- ASSIGNMENT -
Would you repeat word for word the lines of the listing that follows, from the one with "Трубка термоусаживаемая (клеевая), набор" up to and including the one with "事发前,也就是5月6号晚,北", and leave out the images?

[[ DATA SECTION, beginning ]]

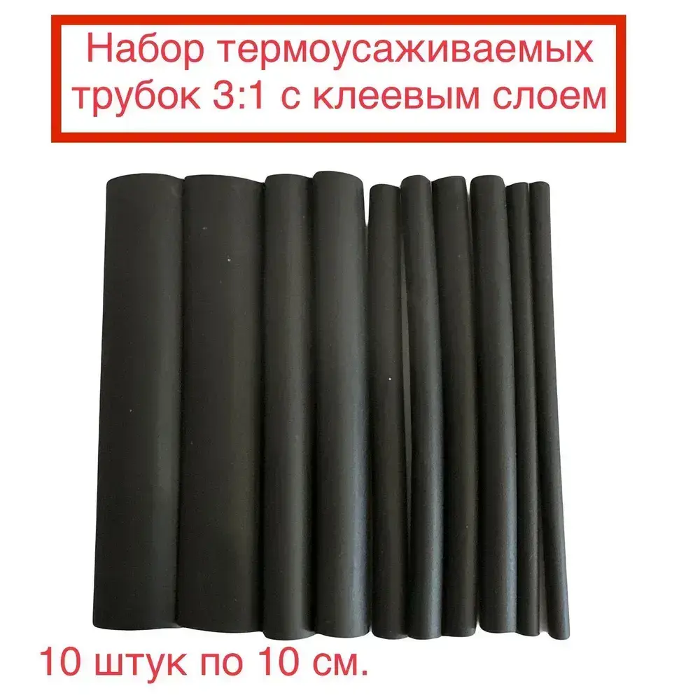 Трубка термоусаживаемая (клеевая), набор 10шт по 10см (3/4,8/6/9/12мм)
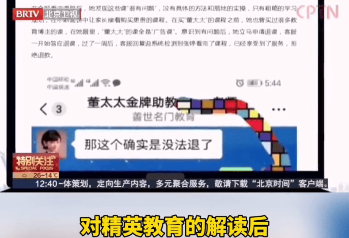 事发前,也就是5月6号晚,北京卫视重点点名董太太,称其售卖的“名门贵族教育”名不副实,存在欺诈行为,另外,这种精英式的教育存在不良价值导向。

[[ DATA SECTION, end ]]
[[ DATA SECTION, beginning ]]

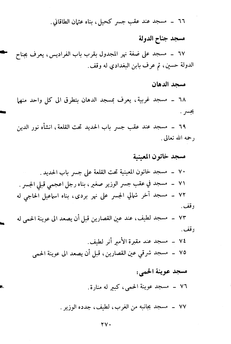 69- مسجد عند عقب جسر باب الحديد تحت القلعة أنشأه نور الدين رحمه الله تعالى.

[[ DATA SECTION, end ]]

- ANSWER FOR THIS EXERCISE -
 Трубка термоусаживаемая (клеевая), набор 10шт по 10см (3/4,8/6/9/12мм)
 事发前,也就是5月6号晚,北京卫视重点点名董太太,称其售卖的“名门贵族教育”名不副实,存在欺诈行为,另外,这种精英式的教育存在不良价值导向。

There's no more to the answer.